I have doubts on the proposed approach in the "stochastic" part. Let us track the parameter $W_1$ of the domain-specific feature extractor for domain 1. In the beginning it is drawn from the prescribed Gaussian, say, its value is $W_1^{(0)}$ , and after the first iteration, the Gaussian parameter gets updated (using the reparametrization trick) -- well, whether Gaussian parameter is updated or not is not critical here.
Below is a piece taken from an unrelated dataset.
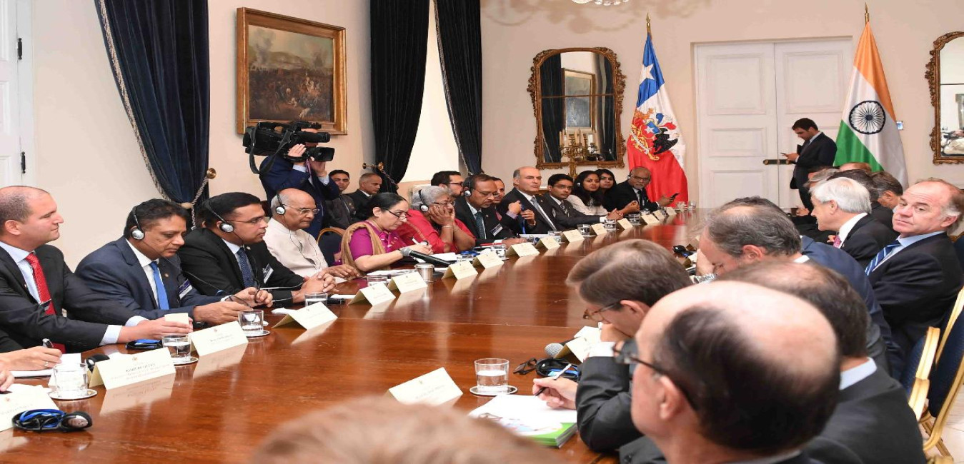 The President of India, Shri Ram Nath Kovind addresses the India-Chile Business roundtable, at Santiago, in the Republic of Chile on April 01, 2019.

Then in the next iteration, $W_1$ is drawn again, let us call it $W_1^{(1)}$ . If this understanding is correct, then $W_1^{(0)}$ and $W_1^{(1)}$ can be very different. That is, along the training process, $W_1$ will randomly hop everywhere as long as the Gaussian variance is not vanishing. How would such a scheme work at all? Bringing the parameter $W_2$ of the second domain-specific extractor into the picture would show an even more absurd picture: at each iteration $t$ , $W_1^{(t)}$ and $W_2^{(t)}$ are random variables following the same Gaussian distribution. How would $W_1$ and $W_2$ track their respective domain specific features? If this structure were to work, it would have to be the case where the Gaussian variance is very small (which might be the case as shown in Figure 3 of the appendix). In that case, all domain-specific extractors are more or less the same, i.e, all equal to the Gaussian mean, only subject to some tiny domain-nonspecific random perturbation. That would defeat the entire purpose of having domain specific feature extractors. -- I could misunderstood the paper and I am willing to hear the authors' defence on this. In your defence, please also show the initial and final values of the Gaussian mean vector $\mu$ (say, in terms of its L1-norm divided by its dimension), I would like compare it with $\sigma$ .

问题

See weakness 2.

Additional question: The authors say that the conventional shared-private adversarial scheme will have "exponential increase" in model parameters as new domains emerge? Why is it exponential?

伦理问题详情

审稿意见

评分: 5置信度: 22023-11-01

The paper tackles the multi-domain text classification (MDTC) problem, and tries to minimize the amount the learning parameters by introducing a stochastic feature extractor (domain feature). The model is effective in handling the benchmark datasets and outperform the other baseline models. Additional multi-source UDA experiment is also conducted as a simple model extension.

优点

The proposed model performs strong in the benchmark dataset, with minimized learning parameters. The design of using both shared/private feature extractor is interesting and effective in merging the domain in the latent space. The proposed method is straightforward and easy to understand.

缺点

Though the proposal seems to be effective and achieving strong performance, the model itself still uses a relative old adversarial backbone, with the discriminator approach for removing the domain invariant feature. The two-feature-extractor approach is interesting, but that is mainly to deal with parameter increase in the MDTC problem. It would be great to see other design improvement in the model.
The performance gain in using the proposed model is marginal on the Amazon review/FDU-MTL datasets. Also, it would be great to have some analysis on adjusting the setting between the two feature extractors.

问题

This might be somewhat irrelevant, but would the model perform well in multi domain classification in other domain type(s), e.g., images?